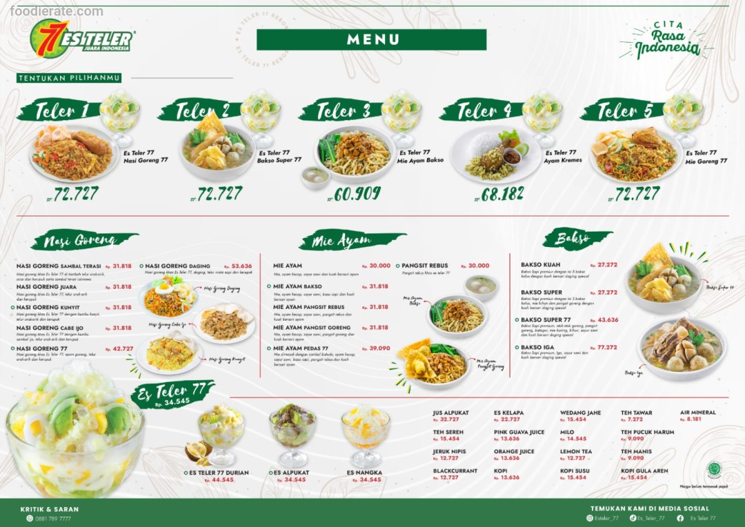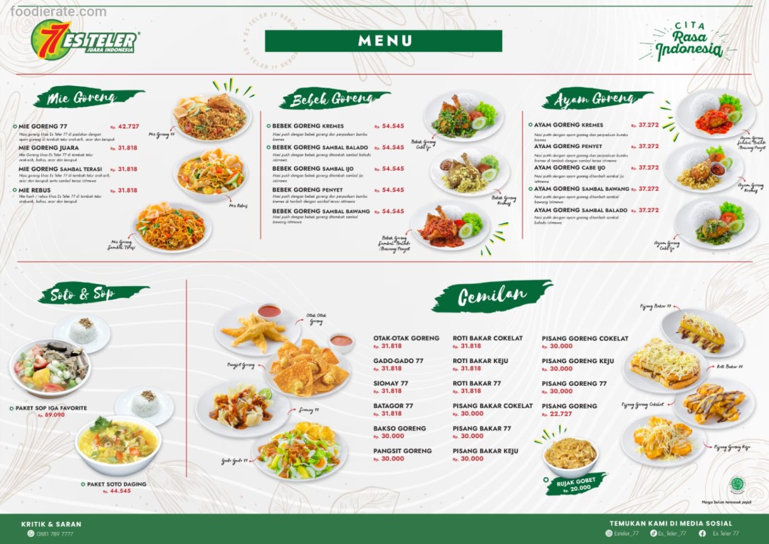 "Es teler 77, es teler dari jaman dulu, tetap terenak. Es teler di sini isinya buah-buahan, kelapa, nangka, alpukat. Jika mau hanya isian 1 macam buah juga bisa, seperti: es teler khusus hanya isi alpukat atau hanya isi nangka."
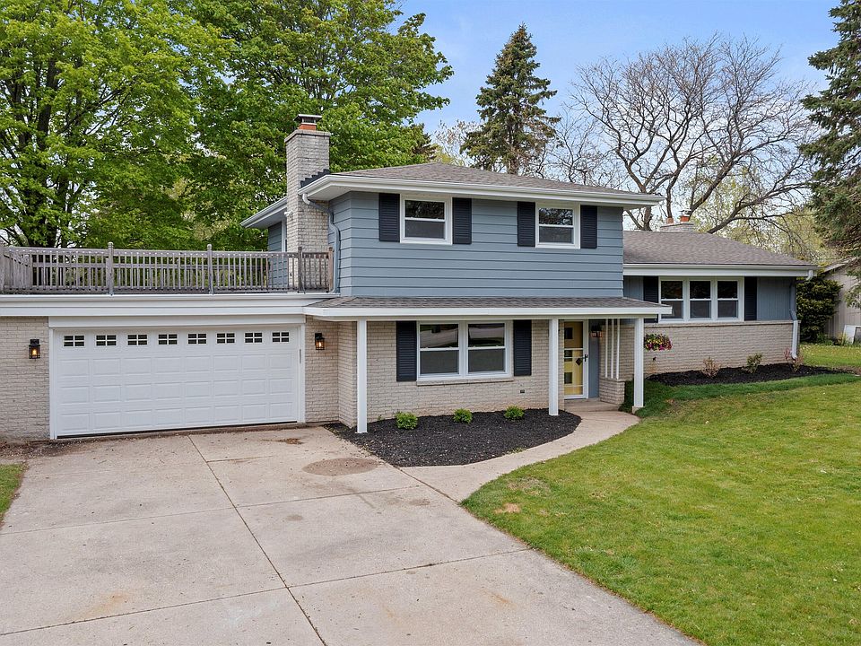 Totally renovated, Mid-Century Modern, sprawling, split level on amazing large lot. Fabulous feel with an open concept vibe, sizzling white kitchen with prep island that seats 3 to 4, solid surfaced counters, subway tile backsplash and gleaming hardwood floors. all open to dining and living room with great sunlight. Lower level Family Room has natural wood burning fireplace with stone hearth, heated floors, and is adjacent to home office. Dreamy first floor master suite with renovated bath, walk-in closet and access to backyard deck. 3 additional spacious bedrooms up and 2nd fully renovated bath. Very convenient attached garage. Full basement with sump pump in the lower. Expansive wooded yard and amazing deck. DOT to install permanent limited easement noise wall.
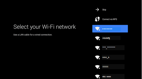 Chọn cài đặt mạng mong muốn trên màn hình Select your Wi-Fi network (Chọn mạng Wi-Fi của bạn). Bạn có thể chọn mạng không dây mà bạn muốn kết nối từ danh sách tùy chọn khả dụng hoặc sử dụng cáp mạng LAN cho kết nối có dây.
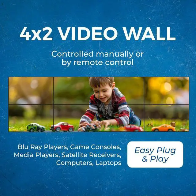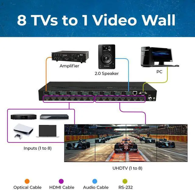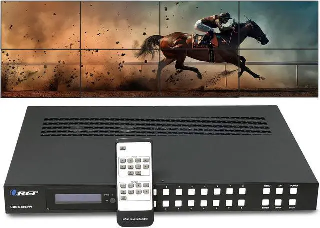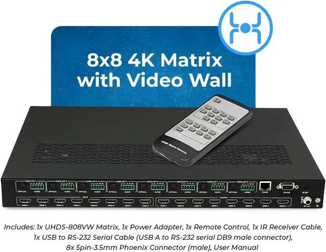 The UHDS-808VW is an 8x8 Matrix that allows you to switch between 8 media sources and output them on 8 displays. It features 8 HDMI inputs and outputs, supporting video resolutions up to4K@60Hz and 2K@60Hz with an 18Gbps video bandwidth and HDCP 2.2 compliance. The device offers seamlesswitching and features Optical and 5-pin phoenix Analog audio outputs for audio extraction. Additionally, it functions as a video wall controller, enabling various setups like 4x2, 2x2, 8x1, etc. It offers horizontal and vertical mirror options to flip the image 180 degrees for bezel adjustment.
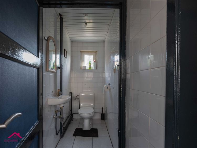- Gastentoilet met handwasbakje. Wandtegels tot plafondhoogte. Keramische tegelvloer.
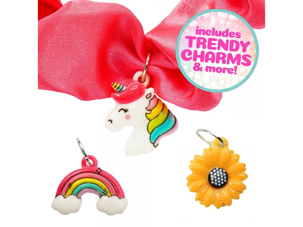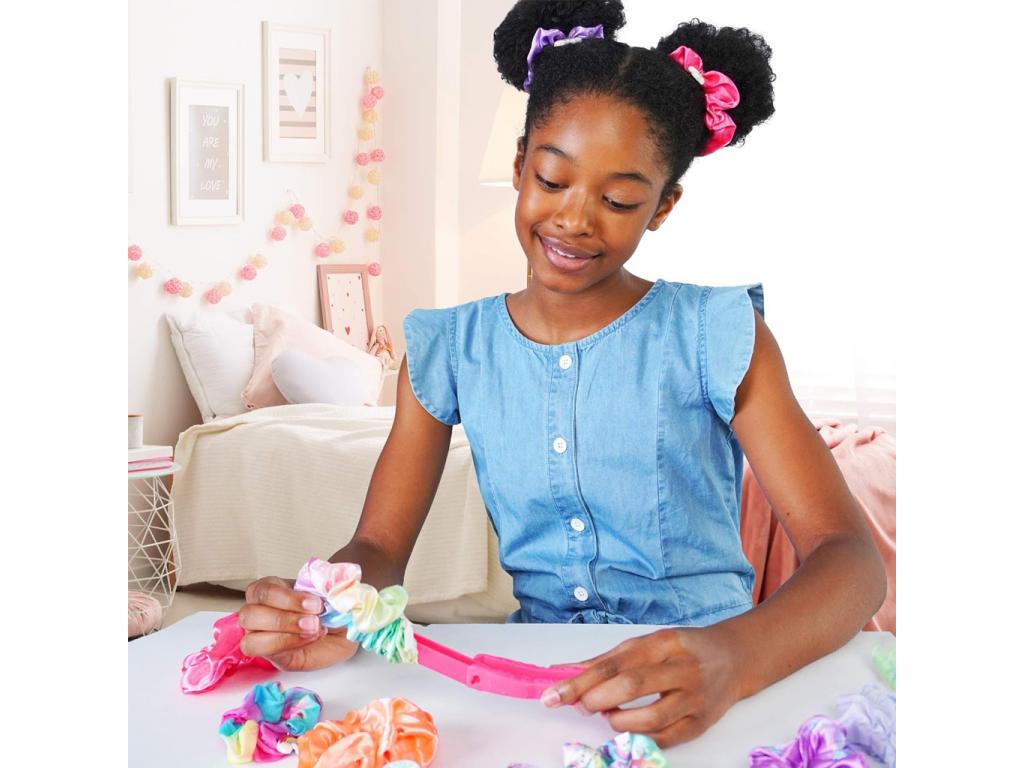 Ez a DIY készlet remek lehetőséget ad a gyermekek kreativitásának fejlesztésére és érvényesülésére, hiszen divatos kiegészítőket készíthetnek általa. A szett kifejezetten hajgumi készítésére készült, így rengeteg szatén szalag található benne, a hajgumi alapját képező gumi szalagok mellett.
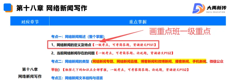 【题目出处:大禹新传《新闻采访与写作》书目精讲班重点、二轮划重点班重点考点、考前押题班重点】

--

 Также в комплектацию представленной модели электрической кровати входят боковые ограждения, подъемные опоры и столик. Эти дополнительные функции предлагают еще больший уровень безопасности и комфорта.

---

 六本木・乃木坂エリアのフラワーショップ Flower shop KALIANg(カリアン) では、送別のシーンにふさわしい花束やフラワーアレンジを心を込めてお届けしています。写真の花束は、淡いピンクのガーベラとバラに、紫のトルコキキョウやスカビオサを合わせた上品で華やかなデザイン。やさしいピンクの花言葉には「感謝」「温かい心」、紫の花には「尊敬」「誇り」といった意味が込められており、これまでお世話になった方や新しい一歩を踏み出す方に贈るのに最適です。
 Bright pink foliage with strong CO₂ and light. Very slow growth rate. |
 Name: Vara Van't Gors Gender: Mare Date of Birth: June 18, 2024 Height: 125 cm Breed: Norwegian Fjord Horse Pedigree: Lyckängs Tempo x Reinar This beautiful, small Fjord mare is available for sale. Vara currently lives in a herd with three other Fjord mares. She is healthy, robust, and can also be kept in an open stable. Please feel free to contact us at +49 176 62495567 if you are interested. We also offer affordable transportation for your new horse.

● **What the task requires**
What belongs in the answer is each line above from the line with "The UHDS-808VW is" to the line with "- Gastentoilet met", inclusive, reproduced exactly and free of pictures.

● **Answer space**
 The UHDS-808VW is an 8x8 Matrix that allows you to switch between 8 media sources and output them on 8 displays. It features 8 HDMI inputs and outputs, supporting video resolutions up to4K@60Hz and 2K@60Hz with an 18Gbps video bandwidth and HDCP 2.2 compliance. The device offers seamlesswitching and features Optical and 5-pin phoenix Analog audio outputs for audio extraction. Additionally, it functions as a video wall controller, enabling various setups like 4x2, 2x2, 8x1, etc. It offers horizontal and vertical mirror options to flip the image 180 degrees for bezel adjustment.
- Gastentoilet met handwasbakje. Wandtegels tot plafondhoogte. Keramische tegelvloer.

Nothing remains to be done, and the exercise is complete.